_DIRECTIONS FOR THIS TASK_.
Retype word for word the stretch of entries below from the line that has "Electra y Viola" through the line that has "昨日からお熱を出しているモコ", and omit the pictures.

_INPUT DATA_.
========
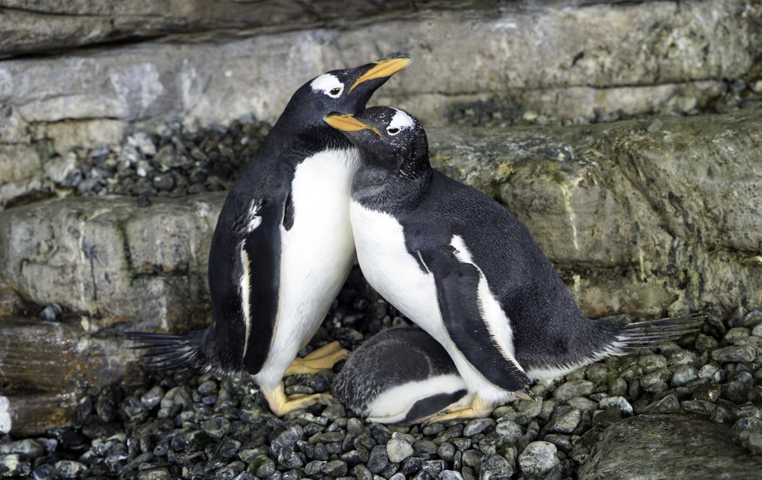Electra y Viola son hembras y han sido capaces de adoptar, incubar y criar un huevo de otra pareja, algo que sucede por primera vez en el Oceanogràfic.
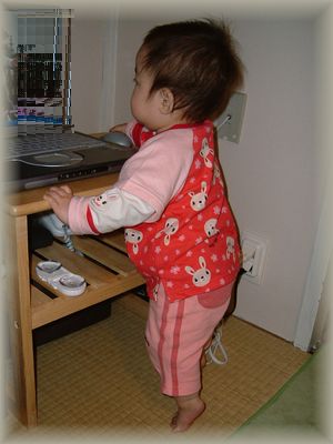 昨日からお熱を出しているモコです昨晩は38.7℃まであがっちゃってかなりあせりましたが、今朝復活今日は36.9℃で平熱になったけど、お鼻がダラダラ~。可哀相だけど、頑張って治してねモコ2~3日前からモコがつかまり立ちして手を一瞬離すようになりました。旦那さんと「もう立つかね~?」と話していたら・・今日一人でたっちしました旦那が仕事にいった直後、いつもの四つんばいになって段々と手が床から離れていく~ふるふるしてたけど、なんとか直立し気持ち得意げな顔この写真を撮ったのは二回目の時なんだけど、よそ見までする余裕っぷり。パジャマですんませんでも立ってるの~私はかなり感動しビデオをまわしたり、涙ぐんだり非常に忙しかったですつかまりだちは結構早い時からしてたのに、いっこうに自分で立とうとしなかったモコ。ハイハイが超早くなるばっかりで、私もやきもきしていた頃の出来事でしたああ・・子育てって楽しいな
========
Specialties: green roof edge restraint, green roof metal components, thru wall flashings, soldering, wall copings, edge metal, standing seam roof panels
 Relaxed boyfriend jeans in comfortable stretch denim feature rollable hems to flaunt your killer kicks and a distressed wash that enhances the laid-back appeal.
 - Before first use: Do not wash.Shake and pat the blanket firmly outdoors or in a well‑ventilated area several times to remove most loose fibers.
========
_RESULT FOR THIS EXERCISE_.
Electra y Viola son hembras y han sido capaces de adoptar, incubar y criar un huevo de otra pareja, algo que sucede por primera vez en el Oceanogràfic.
 昨日からお熱を出しているモコです昨晩は38.7℃まであがっちゃってかなりあせりましたが、今朝復活今日は36.9℃で平熱になったけど、お鼻がダラダラ~。可哀相だけど、頑張って治してねモコ2~3日前からモコがつかまり立ちして手を一瞬離すようになりました。旦那さんと「もう立つかね~?」と話していたら・・今日一人でたっちしました旦那が仕事にいった直後、いつもの四つんばいになって段々と手が床から離れていく~ふるふるしてたけど、なんとか直立し気持ち得意げな顔この写真を撮ったのは二回目の時なんだけど、よそ見までする余裕っぷり。パジャマですんませんでも立ってるの~私はかなり感動しビデオをまわしたり、涙ぐんだり非常に忙しかったですつかまりだちは結構早い時からしてたのに、いっこうに自分で立とうとしなかったモコ。ハイハイが超早くなるばっかりで、私もやきもきしていた頃の出来事でしたああ・・子育てって楽しいな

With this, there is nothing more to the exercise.